Each equation in this book is numbered and accompanied by definitions of dimensions of all symbols. In Chapters 1 through 4, which have many equations, lists of symbols are included with their definitions.

This book, like its predecessors, is written with SI measures, the system that has been adopted in all countries except the United States. In this country, Congress mandated the transition to SI, but then, when this effort began to be implemented by many agencies, particularly the U.S. Department of Transportation, Congress reversed itself by canceling the previous requirements. This important effort to replace the obsolete English system of measures by the standard contemporary one was thus discontinued. For readers not yet familiar with the SI, conversion factors are presented in a very convenient form in Appendix I.

To facilitate understanding of the numerous abbreviations used in the book, these are listed and defined in Appendix II. Appendix III presents definitions of selected terms related to transit systems. Answers to selected exercises are given in Appendix IV. The answers are brief or include only selected ones from many required computed numbers. This allows the users to see whether their computational procedure is correct, and yet requires computation of all results.

Like the previous two books in the transit trilogy, this book is intended to introduce theoretical concepts and relationships in transit systems followed by practical methodologies for operations, planning, and analysis. The combination of theoretical basis and direct applications makes the book useful both in academic circles as well as to persons planning and operating transit systems. The intended readers thus include graduate and upper undergraduate students of transportation engineering and planning courses at universities and in continuing education courses, as well as transit planners and operators in transit agencies, metropolitan planning organizations, city governments, consulting firms, public interest organizations, and others.
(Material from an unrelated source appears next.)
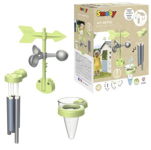 Hrací sada meteorologická stanice ke zkoumání počasí: zvonkohra, větrná korouhvička/anemometr a srážkoměr.

The international orientation and coverage of the first two books found a very good response from the readers in many countries, and it is continued in this book. Although focused mostly on the United States and other industrialized countries, many examples and presented methodologies are applicable to any city, in developed as well as in developing countries, always, naturally, with required consideration of local factors.

ACKNOWLEDGMENTS

The author gratefully acknowledges the cooperation of many individuals and organizations in preparing materials, writing, and reviewing the text for this book, while retaining the responsibility for the accuracy of its contents.

I want to thank many colleagues who have reviewed chapters of this manuscript and provided valuable comments, corrections, and additional materials. All chapters were reviewed by Wolfgang S. Homburger, now retired from the Institute of Transportation Studies at the University of California in Berkeley. He applied his diligent, detailed, and constructive pen, well known throughout the field of transit and traffic engineering, with which he edited numerous books. Hans Leopold, the author’s colleague from Hamburg, applied his deep understanding of the field through precise reviews and constructive suggestions. Jeffrey M. Casello, who first studied these materials in my courses, then read all the text with particular attention to students’ points of view.

Most of the chapters were also reviewed by Thor K. Haatveit, a leading public transport official in Norway, who had also assisted in developing technical materials when he was a graduate student at the University of Pennsylvania. Similar contributions were made by Professor Shinya Kikuchi, Richard M. Stanger, and Dr. Eric C. Bruun. Angel Molinero contributed his inventive skills to develop analyses and then used them also in his excellent book on this topic published in Mexico. Many other author’s students contributed to this text during their studies through their course papers and research on topics selected for the materials prepared for this book over a number of years. Professors Yong Eun Shin, Nikola Krstanoski, and Young-Jae Lee deserve particular credit and my gratitude in this respect.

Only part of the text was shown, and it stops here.